简体繁体 English

迭代MapReduce

[英]Iterative MapReduce

原文 2010-12-27 08:18:39 0 4 python/ streaming/ hadoop/ mapreduce/ iteration

I've written a simple k-means clustering code for Hadoop (two separate programs - mapper and reducer). 我为Hadoop编写了一个简单的k-means聚类代码（两个独立的程序 - mapper和reducer）。 The code is working over a small dataset of 2d points on my local box. 代码正在我本地方框上的2d点的小数据集上工作。 It's written in Python and I plan to use Streaming API. 它是用Python编写的，我计划使用Streaming API。

I would like suggestions on how best to run this program on Hadoop. 我想了解如何最好地在Hadoop上运行该程序。

After each run of mapper and reducer, new centres are generated. 每次运行mapper和reducer后，都会生成新的中心。 These centres are input for the next iteration. 这些中心是下一次迭代的输入。

From what I can see, each mapreduce iteration will have to be a separate mapreduce job. 从我所看到的，每个mapreduce迭代都必须是一个单独的mapreduce工作。 And it looks like I'll have to write another script (python/bash) to extract the new centres from HDFS after each reduce phase, and feed it back to mapper. 看起来我必须编写另一个脚本（python / bash），以便在每个reduce阶段之后从HDFS中提取新的中心，并将其反馈给mapper。

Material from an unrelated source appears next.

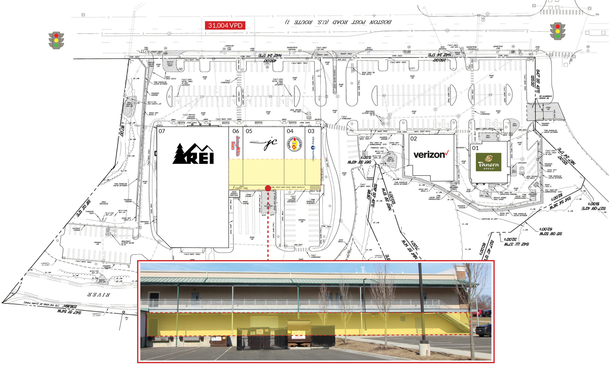 Milford Square sits between two traffic light intersections, and across from a Whole Foods anchored shopping center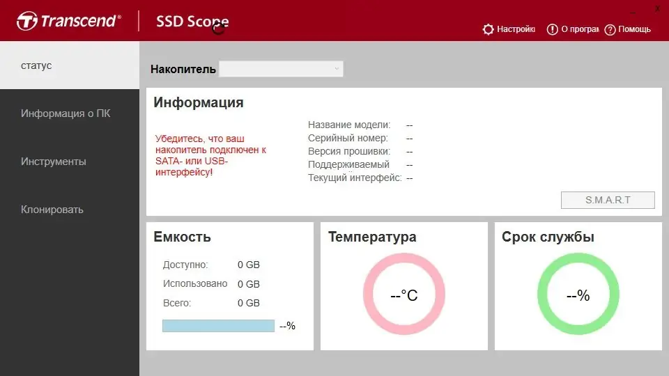 Интерфейс программы интуитивно понятен и не требует глубоких технических знаний. После запуска приложение автоматически определяет подключённый SSD и отображает его основные характеристики на главной панели. Пользователь может перейти в раздел диагностики для запуска теста производительности или выполнить сканирование диска на наличие ошибок. Вкладка S.M.A.R.T. предоставляет доступ к расширенным метрикам, таким как количество записанных гигабайт, температура контроллера и уровень износа ячеек памяти. Для очистки диска используется функция безопасного удаления, которая перезаписывает все сектора, делая восстановление данных невозможным. Процесс клонирования запускается через отдельный мастер, который шаг за шагом проводит пользователя через выбор источника и целевого диска, проверку параметров и запуск копирования.

Any other easier, less messier way? 还有其他更简单，更简单的方法吗？ If the cluster happens to use a fair scheduler, It will be very long before this computation completes? 如果集群碰巧使用公平的调度程序，那么在此计算完成之前很长时间？

4 个解决方案

You needn't write another job. 你不需要写另一份工作。 You can put the same job in a loop ( a while loop) and just keep changing the parameters of the job, so that when the mapper and reducer complete their processing, the control starts with creating a new configuration, and then you just automatically have an input file that is the output of the previous phase. 您可以将相同的作业放在循环中（while循环）并只是不断更改作业的参数，这样当映射器和缩减器完成其处理时，控件从创建新配置开始，然后您自动拥有输入文件，是前一阶段的输出。

The Java interface of Hadoop has the concept of chaining several jobs: http://developer.yahoo.com/hadoop/tutorial/module4.html#chaining Hadoop的Java接口具有链接多个作业的概念： http ： //developer.yahoo.com/hadoop/tutorial/module4.html#chaining

However, since you're using Hadoop Streaming you don't have any support for chaining jobs and managing workflows. 但是，由于您使用的是Hadoop Streaming，因此您无法支持链接作业和管理工作流。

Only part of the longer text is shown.